# Free really pretty Cache-Cache Cowl (K)



## dragonfly7673 (May 13, 2014)

http://knitty.com/ISSUEw15/PATTcachecache.php


----------



## vjh1530 (Oct 8, 2011)

I love this, thank you so much for the link. I popped it right into my "do me!" file. What a great stitch for those multi-colored yarns.


----------



## 44gram (Dec 10, 2011)

Very pretty. Thanks for the link


----------



## julietremain (Jul 8, 2011)

Thank you!!
julie


----------



## Suo (Jul 25, 2011)

Very cool looking with those slipped stitches.


----------



## Dwatson352 (Dec 1, 2015)

Hi, what a beautiful cowl! I am pretty new at this. Do you have a video/tutorial of this pattern?


----------



## Hands2Help (Oct 19, 2013)

How pretty! Thanks for sharing the pattern link!


----------



## moonriver (Feb 22, 2013)

Lovely ....thank you


----------



## Bloomers (Oct 11, 2013)

Lovely, now all I have to do is look thru my stash for the right yarn!


----------



## Busy girl (May 15, 2011)

Thank you! I have lots of single skein sock yarn in my stash.


----------



## Shauna0320 (Mar 5, 2012)

Thanks for the pattern. This will come in handy for some of my single skeins.


----------



## Roses and cats (Apr 17, 2013)

Beautiful cowl. Thank you.


----------



## run4fittness (May 22, 2011)

Thank you for the link. :thumbup:


----------



## raindancer (Aug 19, 2012)

Lovely cowl, thank you!


----------



## tosconi (Jun 4, 2015)

Does S13 mean slip 13 stitches at beginning of each row?


----------



## Ladyj960 (May 22, 2013)

:thumbup: :thumbup: :thumbup:


----------



## randado (Jan 23, 2012)

Very pretty indeed! Thanks for sharing


----------



## rjazz (Feb 9, 2011)

lovely, thanks


----------



## kathycapp (Sep 22, 2014)

Wow...fantastic and another pattern to add to my ever growing list!


----------



## Busy girl (May 15, 2011)

tosconi said:


> Does S13 mean slip 13 stitches at beginning of each row?


I think it is sl 3. (Slip 3. )


----------



## sharmend (Feb 14, 2012)

Pretty. Thanks for sharing.


----------



## Nitting_More (Nov 8, 2011)

I like the hat the designer is wearing. Wish I could find the pattern for that.


----------



## 13068 (Mar 23, 2011)

This is beautiful. Thanks for the link.


----------



## knitbreak (Jul 19, 2011)

Downloaded pattern.Thank you for sharing it..


----------



## dragonfly7673 (May 13, 2014)

tosconi said:


> Does S13 mean slip 13 stitches at beginning of each row?
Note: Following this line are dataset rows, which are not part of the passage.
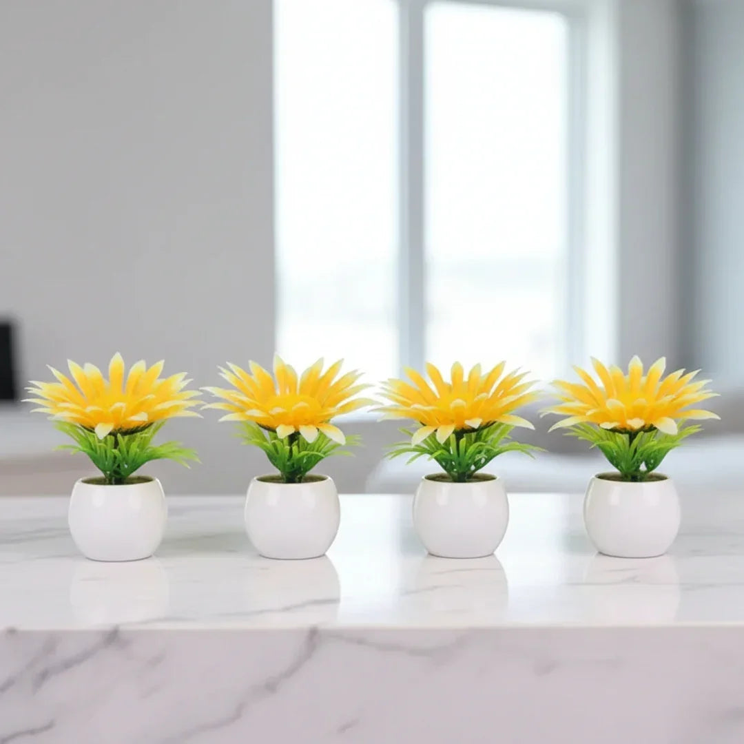 Miniature Yellow Daisy Plants – Realistic Scenery Decor (Set of 4)
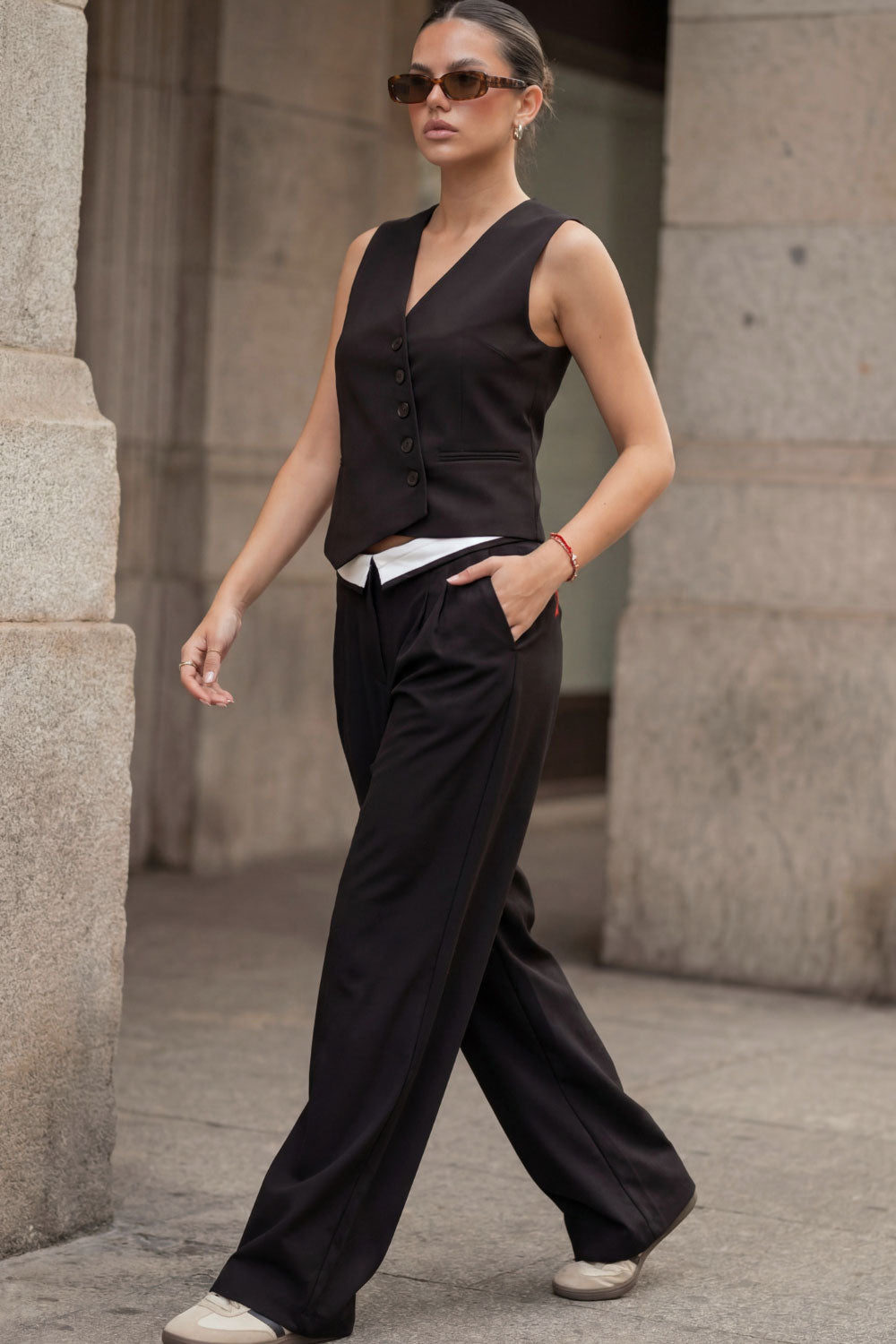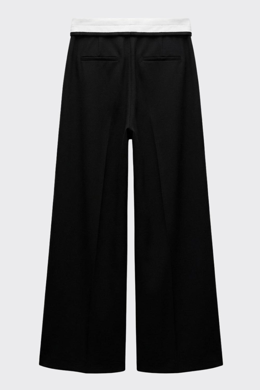 Pantalón de fit wide leg, pinzas frontales, cintura media, pretina con detalle de tailoring en contraste, bolsillos delanteros y vivos decorativos posteriores. Cierre frontal con broche y cremallera ocultos.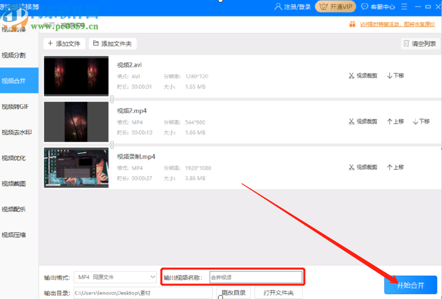 5.最后我们只需要在输出视频名称这里输入合并视频的名称,然后点击界面右下角的开始合并这个功能按钮就可以开始合并文件的操作了。

It is SL 3 but the lower case L can be confusing... so it's slip 3


----------



## dragonfly7673 (May 13, 2014)

Nitting_More said:


> I like the hat the designer is wearing. Wish I could find the pattern for that.


Here is her project page where she's made the hat, the pattern is from Stephen West, you can reach that from her project page.
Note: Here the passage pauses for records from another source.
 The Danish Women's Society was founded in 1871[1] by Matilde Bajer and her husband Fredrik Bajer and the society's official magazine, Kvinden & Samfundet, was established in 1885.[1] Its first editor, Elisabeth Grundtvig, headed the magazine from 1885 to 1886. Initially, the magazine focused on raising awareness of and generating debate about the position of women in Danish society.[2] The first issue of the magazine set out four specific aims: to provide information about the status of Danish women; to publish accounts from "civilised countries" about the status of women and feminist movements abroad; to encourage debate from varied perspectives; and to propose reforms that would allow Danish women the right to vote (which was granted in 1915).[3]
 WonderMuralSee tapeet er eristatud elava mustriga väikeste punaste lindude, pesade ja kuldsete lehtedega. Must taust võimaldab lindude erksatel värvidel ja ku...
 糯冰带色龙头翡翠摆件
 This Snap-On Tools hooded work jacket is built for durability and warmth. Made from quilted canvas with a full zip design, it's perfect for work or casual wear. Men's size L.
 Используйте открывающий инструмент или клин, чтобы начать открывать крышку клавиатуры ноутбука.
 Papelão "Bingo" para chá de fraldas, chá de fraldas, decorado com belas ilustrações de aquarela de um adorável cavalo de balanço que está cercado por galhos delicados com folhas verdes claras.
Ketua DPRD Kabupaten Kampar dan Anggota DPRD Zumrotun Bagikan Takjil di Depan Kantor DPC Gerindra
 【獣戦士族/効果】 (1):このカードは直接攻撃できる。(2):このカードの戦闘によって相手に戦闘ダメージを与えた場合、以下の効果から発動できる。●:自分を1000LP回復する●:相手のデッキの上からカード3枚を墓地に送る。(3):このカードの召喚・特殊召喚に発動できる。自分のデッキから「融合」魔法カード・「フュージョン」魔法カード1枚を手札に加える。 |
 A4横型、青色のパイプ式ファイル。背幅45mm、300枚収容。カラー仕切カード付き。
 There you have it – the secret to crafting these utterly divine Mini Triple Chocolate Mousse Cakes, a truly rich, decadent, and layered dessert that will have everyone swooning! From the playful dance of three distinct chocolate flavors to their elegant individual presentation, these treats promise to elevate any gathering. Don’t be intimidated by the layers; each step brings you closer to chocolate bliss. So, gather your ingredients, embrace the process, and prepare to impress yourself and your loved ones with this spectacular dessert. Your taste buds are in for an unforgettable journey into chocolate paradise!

http://www.ravelry.com/projects/yarn-vs-zombies/dustland-hat


----------



## dragonfly7673 (May 13, 2014)

Dwatson352 said:


> Hi, what a beautiful cowl! I am pretty new at this. Do you have a video/tutorial of this pattern?
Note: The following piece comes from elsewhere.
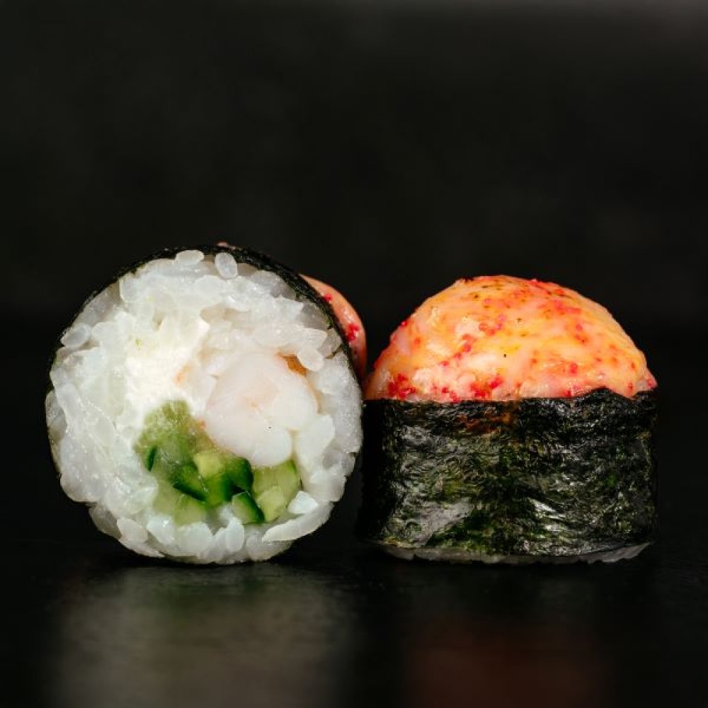 Состав: рис, нори, огурец, тигровая креветка, сырная "Шапка" (сыр, икра "Масаго", майонез, соус "Шрирача"), соус "Унаги".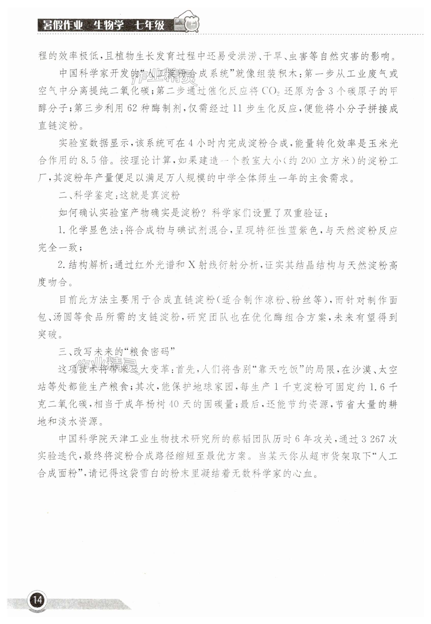 2025年长江作业本暑假作业湖北教育出版社七年级生物

it is not my pattern and I have not seen this designer post video tutorials in the past so I would guess there will not be one for this either. However, the stitches themselves are fairly simple, if you are able to take it slowly, line-by-line I think you will find you can do it.


----------



## ReRe (Mar 19, 2011)

Thanks for the link!


----------



## Nitting_More (Nov 8, 2011)

dragonfly7673 said:


> Here is her project page where she's made the hat, the pattern is from Stephen West, you can reach that from her project page.
> 
> http://www.ravelry.com/projects/yarn-vs-zombies/dustland-hat


Thank you, dragonfly! I do believe that there is not a printed pattern that you cannot find. You are really amazing, and fast, and generous, and appreciated. Thanks again.


----------



## Granana48 (May 5, 2014)

Thanks for sharing!


----------



## Granana48 (May 5, 2014)

Thanks for sharing!


----------



## DSouthard01 (Sep 10, 2011)

Thanks for sharing the pattern--definitely on my knitting list!

Donna K


----------



## Dwatson352 (Dec 1, 2015)

dragonfly7673 said:


> it is not my pattern and I have not seen this designer post video tutorials in the past so I would guess there will not be one for this either. However, the stitches themselves are fairly simple, if you are able to take it slowly, line-by-line I think you will find you can do it.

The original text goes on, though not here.